I would spend $800 on a 1-5x, 30mm tube with 36mm objective, relatively small ocular bell, 4 inches of eye relief and bulletproof, repeatable adjustments.

The FX-II Leupolds are supposed to be bomb-proof, so I'm a little disappointed to learn that's not exactly true. But they do offer mounting ease, light weight, smaller oculars for bolt clearance while still providing ~4" eye relief (5" with the tiny 2.5x20mm!), and low mounting capabilities in an era of Hubble style overkill.

I didn't believe that low power could make for small groups until I tried it off the bench with the FX-II 2.5x20mm and shot way better than I thought it would turn out.
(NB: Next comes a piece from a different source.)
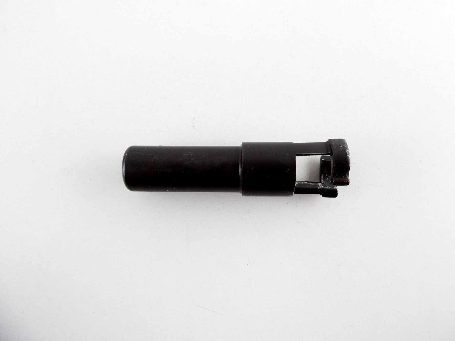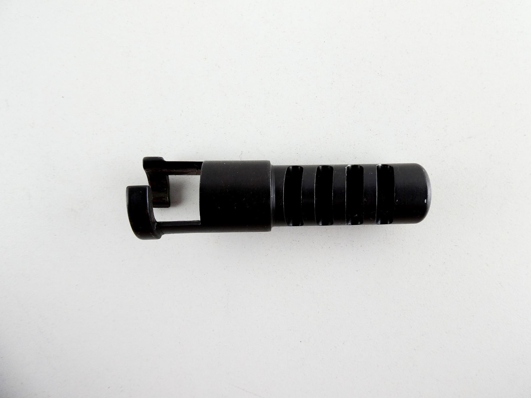 (1) MUZZLE BRAKE, BLUED STEEL CONSTRUCTION, CLAMPS-ON, NO VISIBLE MARKINGS, OVERALL LENGTH APPROX. 3 3/8". MAY REQUIRE FITTING. SEE PHOTOS.

Don't get me wrong, I really like watching .22 holes appear at 32x at 50m. But this is only to see how accurate the rifle is. For a bench rifle, a fixed 32x that focuses down to 50 yards would do everything I want, rimfire or centrefire.
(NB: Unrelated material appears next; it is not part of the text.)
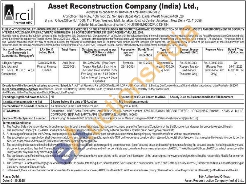 Description of the Secured Asset being auctioned. Schedule A: All That Piece And Parcel Of Office No. 04 (LGF+UGF) Khasra No 913, Bankey Om Complex Mauza Sikandra Bahisstabad Agra, Uttar Pradesh-282001 In The Name Of Rajeev Agrawal Directions As Per The Site: North By: Other Property, South By: Road, East By Shop No. 3, West By: Other Vacant Land And Situated Within The Registration District Of Agra, Uttar Pradesh

From field positions doing target stuff, experience says 16x-20x is about my limit. A 4-16x40mm with AO down to 20 yards would be my perfect general purpose .22 For a hunting rifle, see the first line.

Anyway, sounds like the only real complaint is Leupold adjustments, so if they make that part bombproof, everyone can go back to loving them. Sad that they discontinued the fixed 4x32mm and 6x36mm. Those were ideal form factors.

Out of all these posts, is there consensus on a point in the Leupold lineup where the adjustments are generally bulletproof?

Last edited by philthygeezer; 01/30/22.